SOURCE MATERIAL: Begin

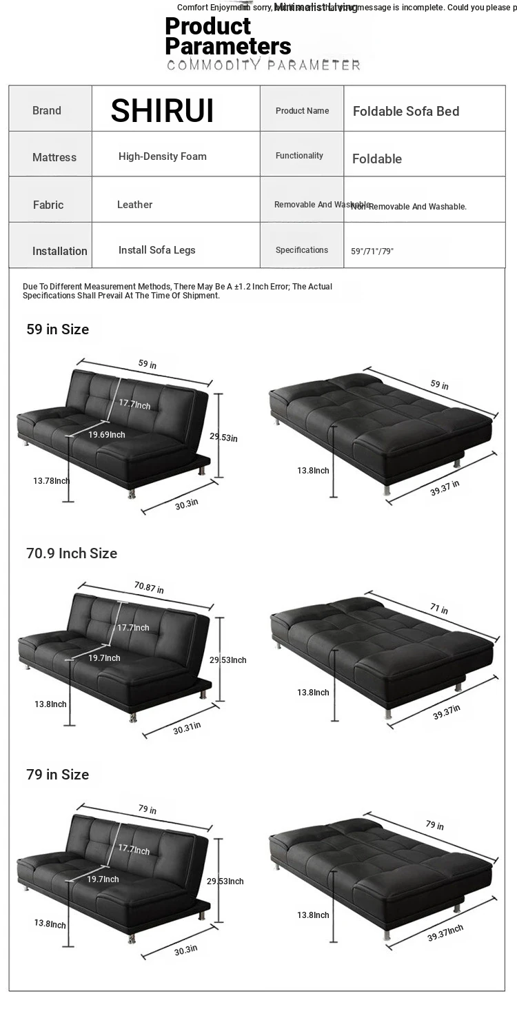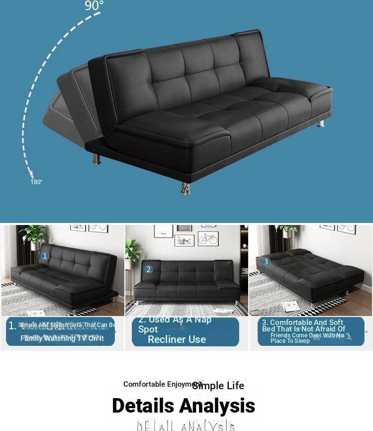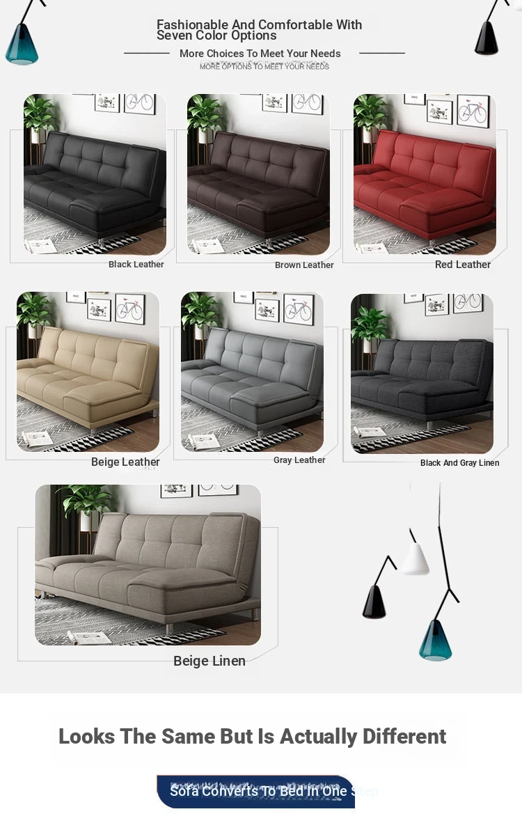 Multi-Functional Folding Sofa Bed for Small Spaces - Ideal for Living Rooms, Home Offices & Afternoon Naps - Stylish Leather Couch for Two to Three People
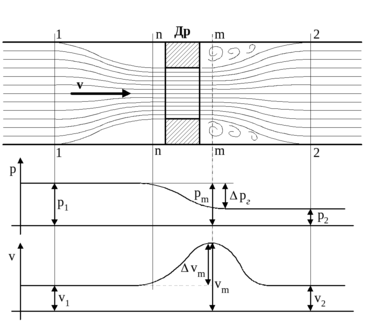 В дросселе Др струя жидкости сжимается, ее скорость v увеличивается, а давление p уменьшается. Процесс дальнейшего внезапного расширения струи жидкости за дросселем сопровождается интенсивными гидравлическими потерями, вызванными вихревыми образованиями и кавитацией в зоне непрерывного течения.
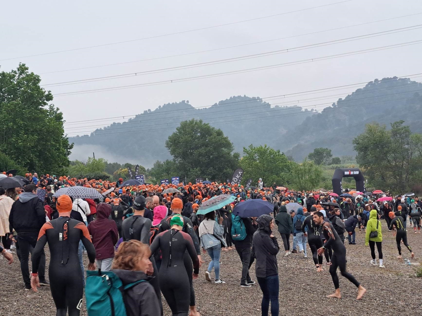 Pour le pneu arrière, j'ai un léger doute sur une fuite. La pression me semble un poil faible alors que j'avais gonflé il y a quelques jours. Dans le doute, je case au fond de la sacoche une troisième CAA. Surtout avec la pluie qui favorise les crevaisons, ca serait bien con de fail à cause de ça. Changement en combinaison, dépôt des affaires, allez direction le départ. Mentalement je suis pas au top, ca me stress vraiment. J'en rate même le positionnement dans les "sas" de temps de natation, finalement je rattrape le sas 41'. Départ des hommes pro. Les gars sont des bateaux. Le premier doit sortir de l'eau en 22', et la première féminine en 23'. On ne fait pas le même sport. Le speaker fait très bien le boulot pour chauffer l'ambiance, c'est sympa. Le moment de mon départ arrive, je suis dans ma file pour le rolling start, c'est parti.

SOURCE MATERIAL: End

■ **PROBLEM**: Look at the listing and set down only the lines from its start through the line with "В дросселе Др", word for word and without pictures.

■ **WRITTEN SOLUTION**:
 Multi-Functional Folding Sofa Bed for Small Spaces - Ideal for Living Rooms, Home Offices & Afternoon Naps - Stylish Leather Couch for Two to Three People
 В дросселе Др струя жидкости сжимается, ее скорость v увеличивается, а давление p уменьшается. Процесс дальнейшего внезапного расширения струи жидкости за дросселем сопровождается интенсивными гидравлическими потерями, вызванными вихревыми образованиями и кавитацией в зоне непрерывного течения.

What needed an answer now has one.